Advanced Acheulean tool technology

PROCEEDINGS OF THE NATIONAL ACADEMY OF SCIENCES—A 1.4-million-year-old handaxe made from hippopotamus bone expands the known technological repertoire of early human ancestors, according to a study*. During the Pleistocene, Homo species developed handaxes from stone and, occasionally, bone, a tool production style known as the Acheulean. Gen Suwa and colleagues report a rare handaxe made from bone in the Konso Formation, showing that the advanced flaking techniques used on lithic materials were also practiced on bone by early Homo species living in southern Ethiopia. The 13-cm-long bone was recovered from strata dating to 1.4 million years ago. The authors characterized the bone, noting that it retained the surface of an original hippopotamus femur on the dorsal side and exhibited extensive flake scars. Analysis of the flake scars showed that the scars are continuous and that those near the handaxe’s tip appear in an alternate pattern, suggesting deliberate shaping of the bone.

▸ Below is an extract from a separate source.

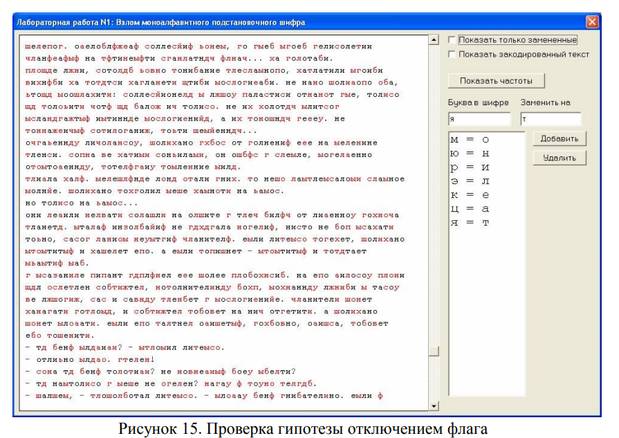 Теперь видно, что слово «##о#о##отал» в нижней строке вполне может быть словом «пробормотал». Если теперь выключить флаг, то можно получить косвенное подтверждение этого - на позициях двух букв «р» в этом слове в шифре также находится одинаковая буква «л» (рис. 15).
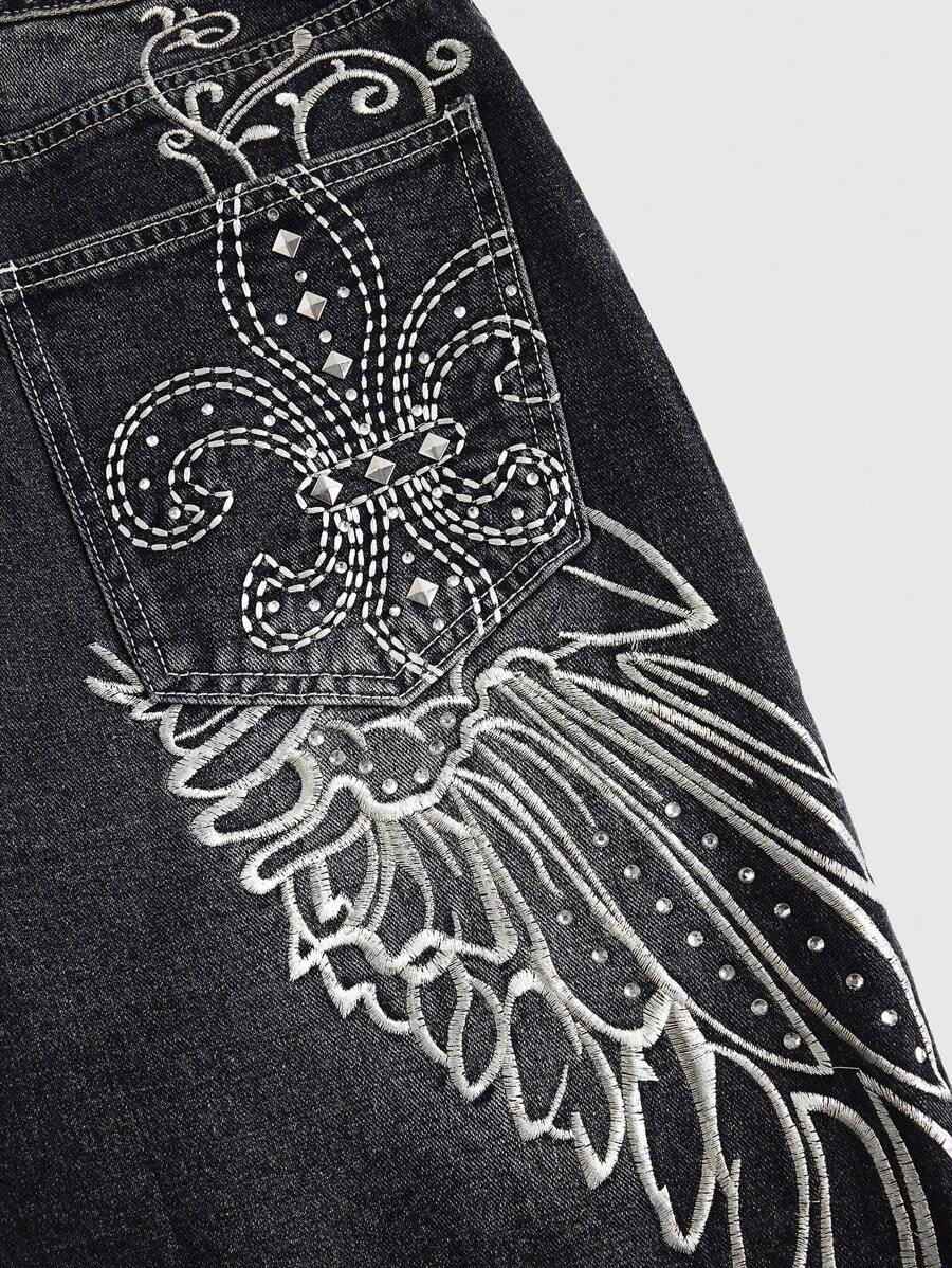 Grunge Punk Women's Punk Street Style Tokyo Street Fashion Culture Oversized Embroidered & Rhinestone Decorated Denim Shorts

The authors also analyzed wear on the handaxe, finding macroscopic rounding near the tip and on both faces, suggesting cutting and sawing activities. Microscopic analysis of the handaxe revealed areas of polish and striation patterns similar to stone tools used for butchery. Given the small number of bone tools unearthed and a dearth of knowledge about bone polish patterns, the nature of the materials on which the rare bone handaxe was used remains unclear, according to the authors.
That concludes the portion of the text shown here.